Outro caso. Um pastor evangélico manteve um número desconhecido de reféns homossexuais numa lanchonete. É claro que tal caso nunca aconteceu, e mesmo que acontecesse uma só vez, a mídia ocidental o trataria como ataque terrorista. Celebridades e dezenas de usuários diários do Twitter inundariam as redes sociais para atacar a comunidade cristã.

Outro caso ainda. Um pastor evangélico envia cartas ameaçadoras para muçulmanos na Austrália. Os tribunais ficariam satisfeitos de condená-lo a 300 horas de serviço comunitário? Certamente, celebridades e dezenas de usuários diários do Twitter inundariam as redes sociais para exigir prisão para ele.

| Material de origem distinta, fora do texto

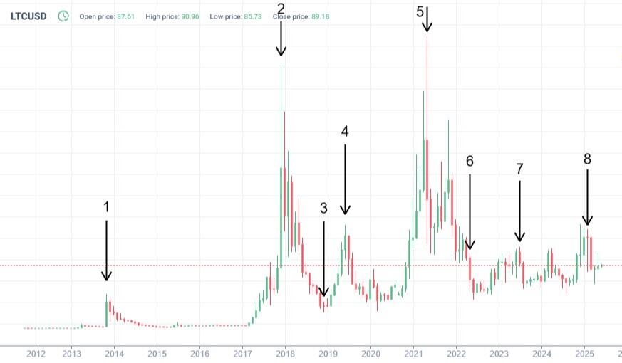С момента запуска в 2011 году цена Litecoin прошла несколько значительных циклов роста и падения.

Em nações muçulmanas, os cristãos são cidadãos de segunda classe. Sob o ISIS, eles podem ser degolados como porcos numa horrenda escala industrial. Celebridades e dezenas de usuários diários do Twitter não estão inundando as redes sociais para mostrar apoio à comunidade cristã que está em sofrimento.

Nas nações ocidentais, os cristãos também são cidadãos de segunda classe, abaixo dos muçulmanos, que mesmo quando cometem atos terroristas, não são rotulados de terroristas, enquanto os cristãos que pregam contra a homossexualidade são rotulados de terroristas mesmo quando nunca cometeram um único ato terrorista!

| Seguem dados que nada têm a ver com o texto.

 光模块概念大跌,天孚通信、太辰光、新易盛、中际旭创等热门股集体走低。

Como os governos laicos ocidentais podem respeitar os cristãos quando até mesmo os cristãos não respeitam seus irmãos e irmãs? Depois do ataque terrorista de 11 de setembro de 2001, Bush, que é evangélico, chamou o islamismo de “religião de paz.” Será que os genocídios anuais dos islâmicos contra os cristãos são uma manifestação de ‘paz’?

Imediatamente depois do ataque terrorista na Austrália, o Vaticano pediu, de acordo com a Associated Press, que “os EUA encontrassem uma ‘solução humanitária adequada’ para os presos mantidos no centro de detenção da Baía de Guantanamo, uma consideração que reflete a preocupação enérgica do Papa Francisco de que os presos sejam tratados com dignidade e não sejam sujeitos a tratamento desumano.”

Deveríamos nos importar com o modo como os EUA tratam terroristas islâmicos sob sua custódia?
Não deveríamos nos importar com o modo como o ISIS trata milhares e milhares de homens, mulheres e crianças cristãos sob seu controle?